Court of Appeal Amsterdam, 16 February 2010 (LJN: BM5267)

Compensation – delay or cancellation? Regulation 261/2004

The claimant had bought four tickets to fly from Schiphol to Paramaribo on 29 July 2007 at 12:15. The flight is not executed until 26 hours later. Compensation is claimed on the basis of article 7 (cancellation) of the denied boarding regulation. Taking into account Sturgeon-Condor and Bock-Air France (C-402/07 and C-403/07), the Court of Appeal concludes that the claimant is entitled to compensation based on article 7 because the family arrived at their destination more than 3 hours late. The air carrier alleges that the delay was caused by extraordinary circumstances as it was caused by technical problems. The court considers that the air carrier has not established that the cause of the technical problems is extraordinary (outside the course of normal business), therefore the claimant is entitled to EUR 600 per ticket.

 

Court of Appeal Amsterdam, 1 September 2008 (S&S 2009, 59)

Article 28 Warsaw Convention 1955, jurisdiction and establishment through which the contract has been made.

The case regards a contract for carriage of flowers from the Netherlands to China concluded with China Eastern Airlines (“CEA”).

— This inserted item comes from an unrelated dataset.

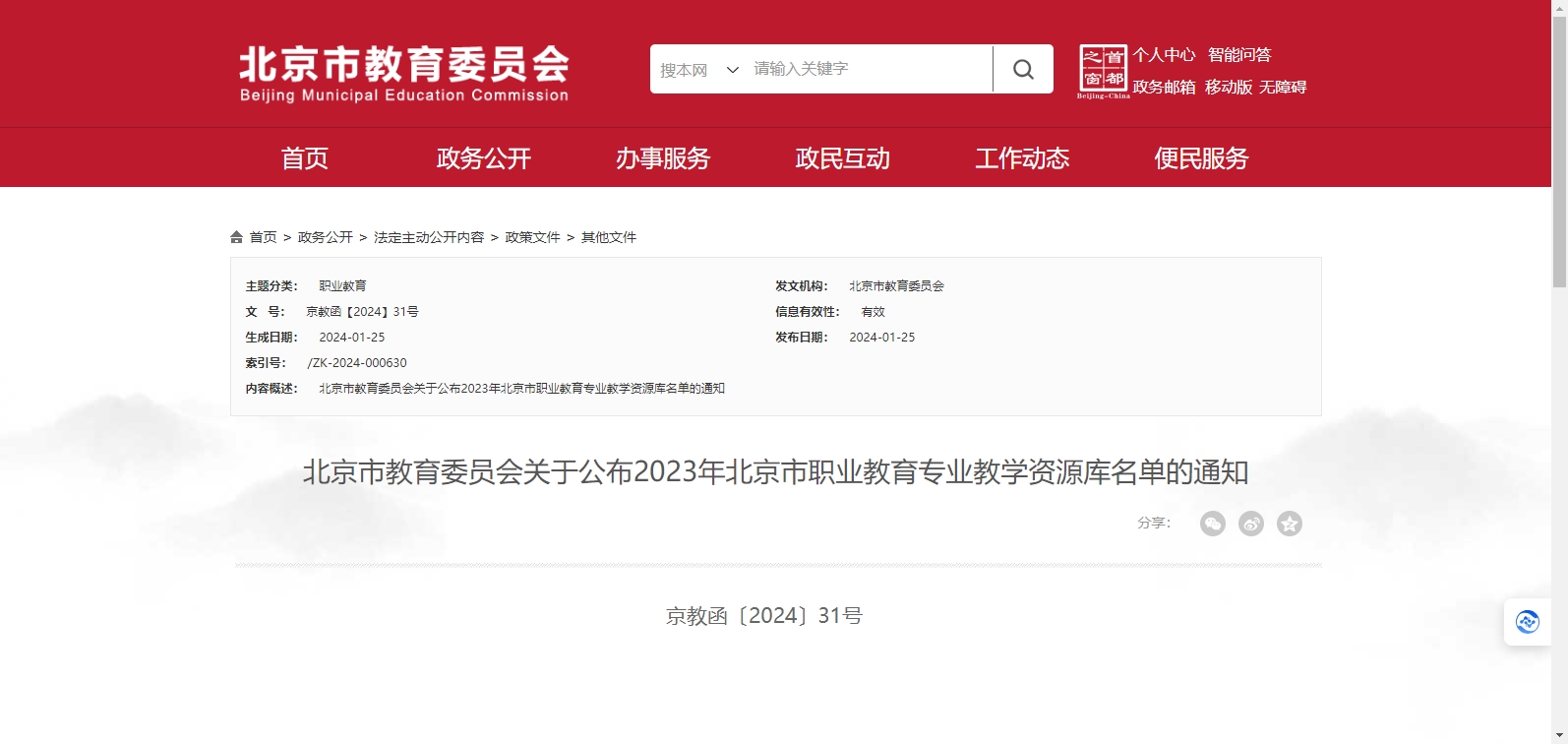 2023年北京市職業(yè)教育專業(yè)教學(xué)資源庫名單

It is argued by the claimant that the contract has been made by a bureau (Global Airline Services, “GAS”) in Schiphol, therefore the Court in the Netherlands (Haarlem) has jurisdiction. GAS represents CEA in the Netherlands. GAS does not form part of the organization of CEA but is a wholly independent company, represents also other airlines and uses its own general conditions. The Court of Appeal concludes that to be an establishment in respect of article 28 Warsaw Convention, more is required than the position of GAS. The Court declines jurisdiction.

 

Court of Appeal Amsterdam 28 August 2003 (S&S 2004, 56)

Definition of “accident” in the light of article 17 Warsaw Convention 1955

Mrs. Ypma was passenger on a flight of KLM from Amsterdam to Orlando. Once she was seated in the plane another passenger tried to pack her hand luggage in the overhead bins above the seat of Mrs. Ypma. The luggage fall down on Mrs. Ypma who was injured and disembarked the plane before takeoff. Mrs. Ypma claims damages from KLM. The question in the case is whether the incident is an accident in light of article 17 Warsaw Convention 1955 and regulation 2027/97.

The Court of first instances rules that the incident is not an accident based on the wording and goal of the Convention. The Court of Appeal confirms this judgment and considers that the word accident is not defined in the Convention; therefore it has to be read taking into account the content and its purpose. The Court of Appeal rules that the necessary connection between the carriage and the incident is missing, therefore the incident is not an accident as meant in article 17 Warsaw Convention. The claim is dismissed.